Я осознал, что мне необходимо стать похожим на агаровое дерево. Его особые свойства проявляются при нападении грибка на сердцевину дерева. Так устроена жизнь. Когда вас кусают, жалят или колют, вы выделяете вещества, чтобы защитить себя. Это естественная реакция. Но если мы смотрим на этот процесс правильным образом, это может оказаться очень ценным опытом. Наша жизнь лепит нас и делает такими, какие мы есть. Именно так мы растём, взрослеем и трансформируемся. Павлин расправляет свой хвост, как веер. Он глотает яд и превращает его в светящиеся ореолы: наши глаза начинают видеть страдания других. Ложно обвинённый, с клеймом порочного поведения и нарушения обетов, я вспомнил о Дхарме агарового дерева. Когда на дерево нападают, оно не наносит ответный удар, а превращает яд в своей сердцевине во что-то ароматное, драгоценное и прекрасное.
11
Летящая белизна: уникальная и неповторимая
Основам каллиграфии я научился у мастера, который проводил моё монашеское посвящение, Сун Няня, хотя он никогда не позволял мне рисовать.

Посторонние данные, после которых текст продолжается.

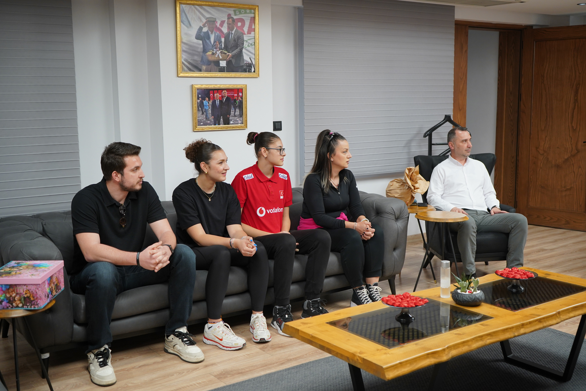 Ziyarette genç sporcuyu tebrik eden Başkan Eşki, “Seninle gurur duyuyoruz. Bornova’nın adını Milli Takım seviyesinde temsil etmen bizim için büyük mutluluk. Türk voleybolunda ekol olmuş pek çok kulüp seni transfer etmek istiyor ama biz her zaman senin yanındayız, destekçin olacağız. Yolun açık olsun, inşallah çok daha iyi yerlerde olursun.” diyerek Hasret’in ailesine ve antrenörlerine emekleri için teşekkür etti.

Я только смешивал ему чернила, разрезал бумагу и раскладывал инструменты. Но он обучил меня сути этого искусства – его духу. Правительство Сингапура считало Сун Няня живым национальным достоянием, а его работы пользовались большим спросом у коллекционеров и знатоков каллиграфии. Возможно, если бы он был жив, то научил бы меня тому, как рисовать кистью на бумаге. Но он умер ещё до того, как я сделал хоть один штрих. И всё же он посадил семя. Когда в 2009 году я начал восстанавливать Махабодхи, то очень хотел сохранить наследие Сун Няня и передать его линию, поэтому был полон решимости изучать каллиграфию и продолжить то направление искусства, которое он освоил в совершенстве и очень любил.

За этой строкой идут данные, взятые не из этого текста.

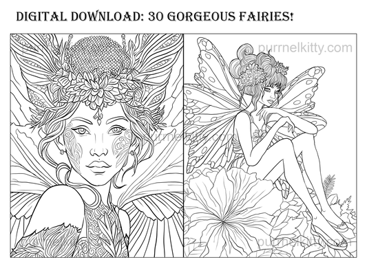 Printable Fantasy Fairy Adult Coloring Book 30 Page Art Bundle

Я брал уроки каллиграфии у учителя, который был большим другом Сун Няня. Он был старомодным, традиционным учителем, строгим и мыслящим очень по-конфуциански. Каллиграфия для него являлась прямой связью с традицией, уходящей вглубь тысячелетий. Первые два-три года его ученики писали только свои имена и ничего больше. «Как вы можете заниматься каллиграфией, если даже не можете написать собственные имена?» – говорил он им. Для меня он всё-таки сделал исключение и предоставил бóльшую свободу самовыражения.

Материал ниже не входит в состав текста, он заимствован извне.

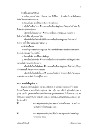 การเปลียนรู ปแบบตัวอักษร การเปลียนรู ปแบบตัวอักษร โปรแกรม Excel มีให้เลือก 3 รู ปแบบ คือ ตัวหนา ตัวเอียง และ ขีดเส้นใต้ตวอักษร ขันตอนมีดงนี ั ั 1. กําหนดพืนทีทํางานทีต้องการเปลียนรู ปแบบตัวอักษร 2. คลิกทีเครื องมือ ตัวหนา บนแถบเครื องมือการจัดรู ปแบบ ถ้าต้องการให้ตวอักษรใน ั พืนทีทํางานมีรูปแบบตัวหนา หรื อคลิกทีเครื องมือ ตัวเอียง บนแถบเครื องมือการจัดรู ปแบบ ถ้าต้องการให้ ตัวอักษรในพืนทีทํางานมีรูปแบบตัวเอียง หรื อคลิกทีเครื องมือ ขีดเส้นใต้ บนแถบเครื องมือการจัดรู ปแบบ ถ้าต้องการให้ ตัวอักษรในพืนทีทํางานมีรูปแบบการขีดเส้นใต้ การจัดข้ อมูลในเซล การจัดข้อมูลในเซลทํางานมี 3 รู ปแบบ คือ การจัดชิดซ้ายเซล การจัดชิดขวาเซล และการ จัดให้อยูกึงกลางเซล ขันตอนมีดงนี ่ ั 1. กําหนดพืนทีทํางานทีต้องการจัดข้อมูล 2. คลิกเครื องมือจัดชิ ดซ้าย บนแถบเครื องมือจัดรู ปแบบ ถ้าต้องการให้ขอมูลในแต่ละ ้ ่ เซลของพืนทีทํางานอยูชิดซ้ายของเซล หรื อคลิกทีเครื องมือจัดชิดขวา บนแถบเครื องมือการจัดรู ปแบบ ถ้าต้องการให้ขอมูล ้ ่ แต่ละเซลของพืนทีทํางานอยูชิดขวาของเซล หรื อคลิกทีเครื องมือจัดกึงกลาง บนแถบเครื องมือการจัดรู ปแบบ ถ้าต้องให้ขอมูลแต่ ้ ละเซลแต่ละเซลของพืนทีทํางานอยูกึงกลางเซล ่ 3.2 การตกแต่ งข้ อมูลจํานวน ข้อมูลประเภทจํานวนซึ งอาจได้มาจากการป้ อนเข้าไปโดยตรงหรื อเป็ นผลลัพธ์ของสู ตรที ่ กําหนดไว้ในเซล สามารถจัดได้หลายรู ปแบบ เช่น อยูในรู ปแบบทัวไป รู ปแบบมีเครื องหมาย จุลภาค (,) คัน รู ปแบบมีเครื องหมายหน่วยเงิน ($) รู ปแบบจุดทศนิยม ในโปรแกรม Excel จะ เอืออํานวยความสะดวกในการจัดรู ปแบบโดยมีเครื องมือจัดรู ปแบบข้อมูลจํานวนบนแถบเครื องมือ จัดรู ปแบบดังนี แสดงข้อมูลจํานวนในรู ปแบบทางการเงินทีมีเครื องหมาย $ นําหน้า และ จะเป็ นจํานวนทีมีทศนิยม 2 ตําแหน่ง แสดงข้อมูลจํานวนในรู ปแบบทีมีเครื องหมายจุลภาคคันตัวเลขหน้าจุด ทศนิยมทีละ 3 หลัก Microsoft Excel ครู พีรญา ดุนขุนทด

Когда я брался за проект восстановления Махабодхи, то действительно не очень представлял, во что ввязываюсь. Вскоре я обнаружил, что для того, чтобы обеспечивать процесс, я охочусь за деньгами день и ночь. Поскольку к тому времени у меня за плечами уже была некоторая практика каллиграфии, то я подумал, что смогу собрать деньги с её помощью. Во время кампании по сбору средств я объявил, что буду писать сутры от имени жертвователей и эти каллиграфические рисунки будут замурованы в бетон, из которого будут возводиться стены монастыря. Таким образом, весь Махабодхи как бы окружён этими сутрами и доброй, поддерживающей энергией тех людей, которые их спонсировали.